У Рытхэу сцена убийства кита приобретает символическое значение: убивая Природу, человек убивает себя в потомстве (Эну -

Гиву - Армагиргин). Нравственная максима Армагиргина - «все позволено» - становится гибельной и приводит к непримиримому противостоянию Природы и человека. Концовка повести соотносится с ее названием: киты уходят тогда, когда у людей пропадает уважительное отношение к тому, «что не есть ты сам». Армагиргин говорил, что все счастье человека в его силе, в том, что человек может все и ему все дозволено [Там же, с. 20].

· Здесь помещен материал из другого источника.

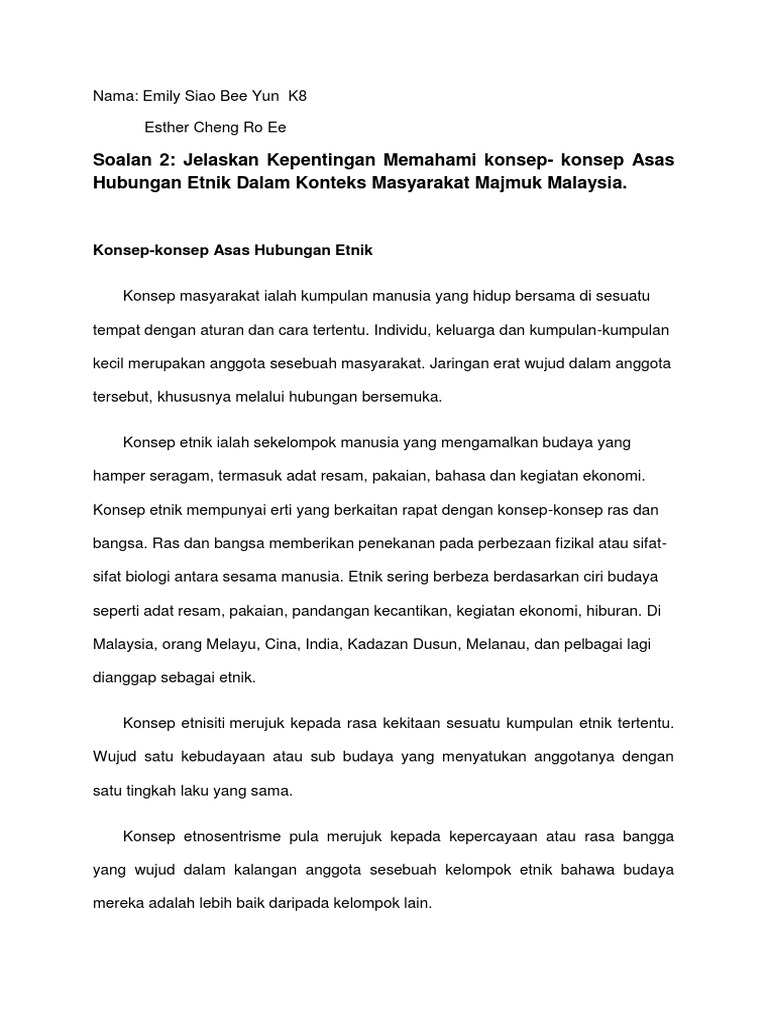 Kepentingan memahami hubungan etnik kepada masyarakat. Pendahuluan kepentingan hubungan etnik di malaysia dalam membentuk perpaduan dalam menongkah era globalisasi yang kian meningkat dari semasa ke semasa tanah air kita hampir mencapai kecemerlangan selaras dengan negara maju yang lain bak kata peribahasa melayu duduk sama rendah. Pengenalan 2 hasil pembelajaran 1 1 etnik ras mendefinisikan dan membincangkan konsep asas 1 2 masyarakat hubungan etnik membezakan konsep perpaduan dan integrasi kaum 1 3 budaya mengenalpasti tahap hubungan kandungan bab 1 etnik 1 4 integrasi menjelaskan komposisi etnik di hubungan etnik malaysia menjelaskan islam meraikan 1 5 etnik malaysia kepelbagaian etnik islam. Kepentingan memahami konsep konsep asas hubungan etnik dalam konteks masyarakat majmuk malaysia. Banyak negara di dunia menjadikan malaysia sebagai negara yang patut dicontohi kerana masyarakat dapat hidup dalam keadaan aman walaupun berbilang bangsa agama dan budaya.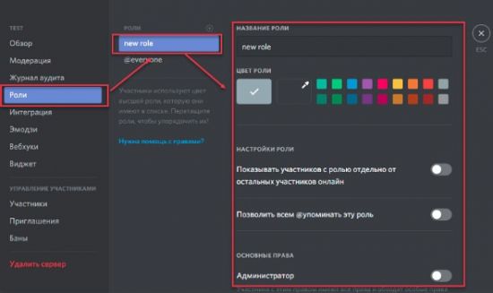 4. В параметрах роли укажите название и (самое главное!) выберите цвет из предложенной палитры. В него-то и будет впоследствии окрашен никнейм.
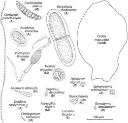 Some cause asthma, such as Alternaria alternata. A drawing of a very small "dust" seed from the flower Orchis maculata is provided for comparison.[50][51]

Сцена убийства кита, на наш взгляд, представляет собой смысловую оппозицию к фольклору. У палеоазиатов (коряков, чукчей, ительменов) в мифологических сказках, посвященных Ворону-кутху, есть сюжет о брачном союзе охотника с тотемным животным. Акт убийства тотемного животного у язычников семантически восходит к мифологическим представлениям о «роднении» человека с убитым животным. Смысл этого сюжета в том, что охотник, убивая зверя (птицу, рыбу), как бы роднится с ним. Эпизод убийства кита символизирует, согласно авторской идее, окончательный разрыв рода с тотемным животным. Таким образом, Рытхэу, опираясь на мифологические представления своих сородичей, на ценностные ориентации чукотского народа, создает насыщенный по смыслу образ-символ мира, обреченного на самоуничтожение.

Творчески преобразив сложившиеся в сознании чукчей и закрепленные фольклором представления об охоте на кита, Рытхэу создал оригинальный сюжет, в котором эпический сюжет обретает трагическое звучание. При этом автор обращается к сюжету этиологического мифа; отдельные элементы художественного повествования восходят к глубинной мифологической семантике. Писатель строит образную систему повести с ориентацией на мифологическую архетипическую структуру.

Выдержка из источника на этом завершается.